▶ TASK DETAILS:
Copy only the lines from the one containing "Для установки пароля" through the final line of the records below, exactly as written, with no pictures.

Collection entries:
::::::::
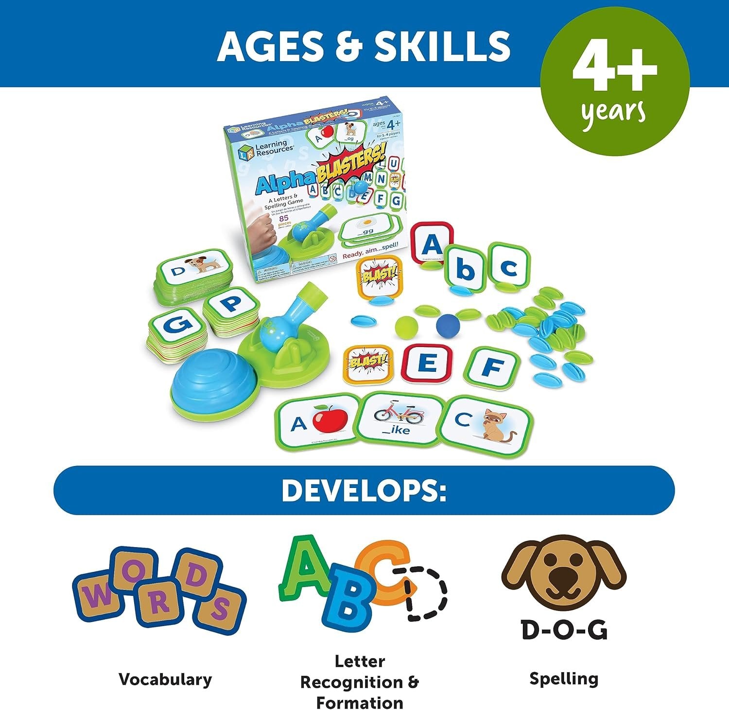 Learning Resources Alphablasters! Letter & Spelling Game - 85 Pieces, Ages 4+ Toddler Preschool Learning, Educational Indoor Games, Preschool Alphabet, Toddler Brain Games
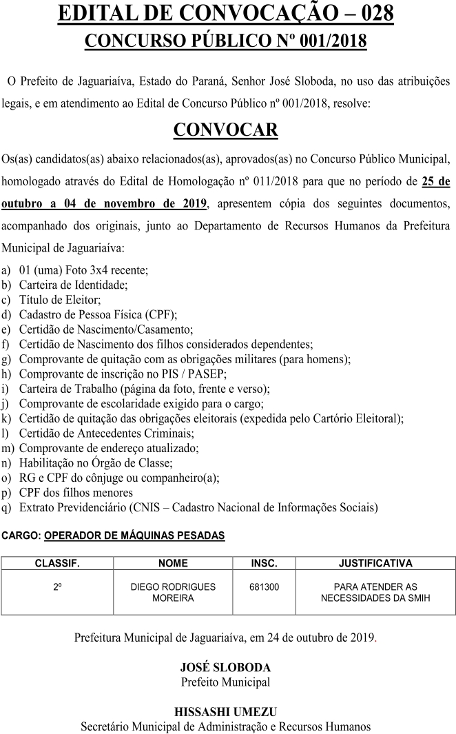 Edital de Convocação 028 – Concurso Público 001/2018
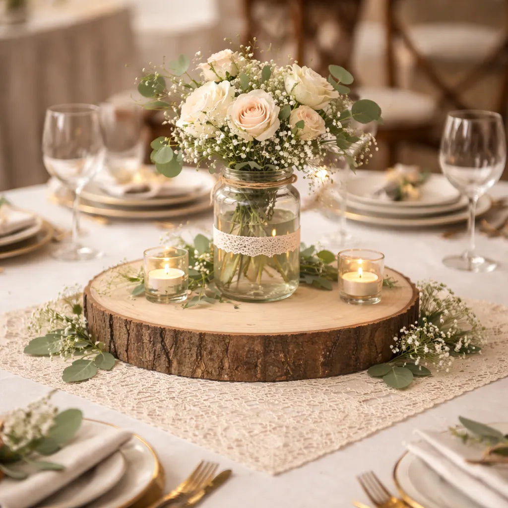 Avec ce centre de table mariage champêtre, chaque élément naturel prend vie sur votre table. Ses détails floraux et ses matériaux authentiques créent une ambiance douce et détendue, tout en insufflant une énergie apaisante à votre décor. Adapté aux mariages rustiques ou en extérieur, il met en valeur la beauté de la nature tout en ajoutant une touche de raffinement. Il devient un élément essentiel pour une décoration raffinée et inspirée de la campagne.
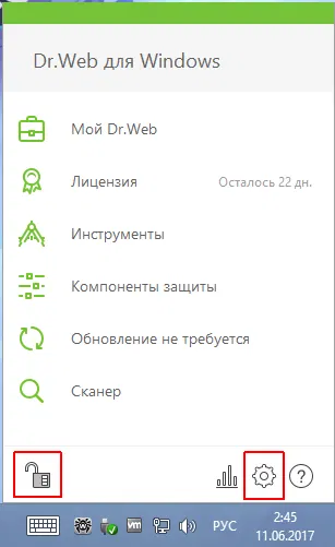 Для установки пароля в антивирусных продуктах Dr.Web версий 10 и 11, щелкните по значку Dr.Web в системном трее, разблокируйте "замок" и щёлкните по значку "шестерёнки":
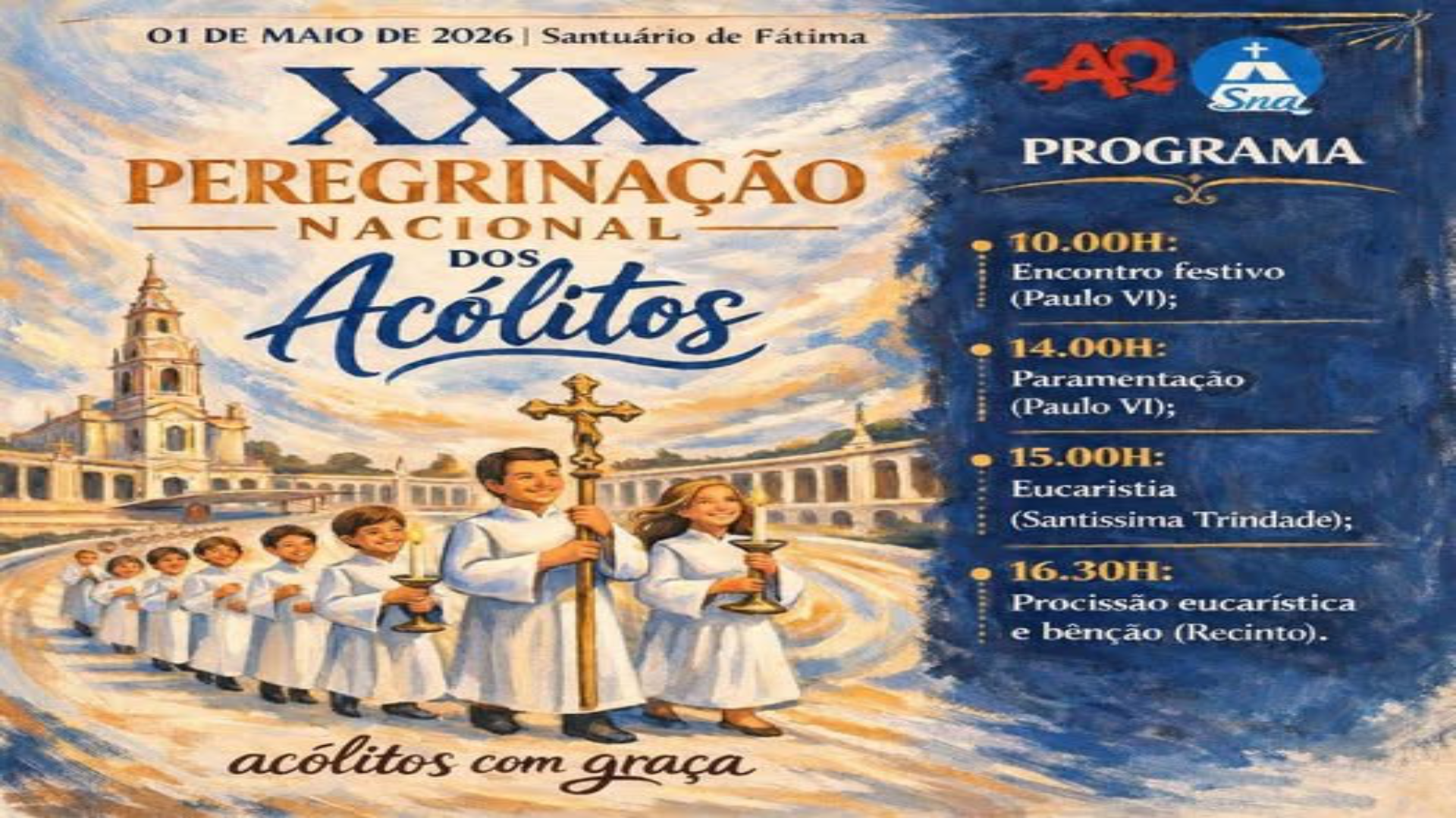 Todos os acólitos da Unidade Pastoral são convidados a participar na peregrinação nacional ao Santuário de Fátima com milhares de acólitos de todo o país. A peregrinação realiza-se já na próxima sexta-feira, 1 de maio, e trata-se de uma oportunidade que desafiamos todos a aproveitar.
::::::::
▶ ANSWER TO THE EXERCISE:
 Для установки пароля в антивирусных продуктах Dr.Web версий 10 и 11, щелкните по значку Dr.Web в системном трее, разблокируйте "замок" и щёлкните по значку "шестерёнки":
 Todos os acólitos da Unidade Pastoral são convidados a participar na peregrinação nacional ao Santuário de Fátima com milhares de acólitos de todo o país. A peregrinação realiza-se já na próxima sexta-feira, 1 de maio, e trata-se de uma oportunidade que desafiamos todos a aproveitar.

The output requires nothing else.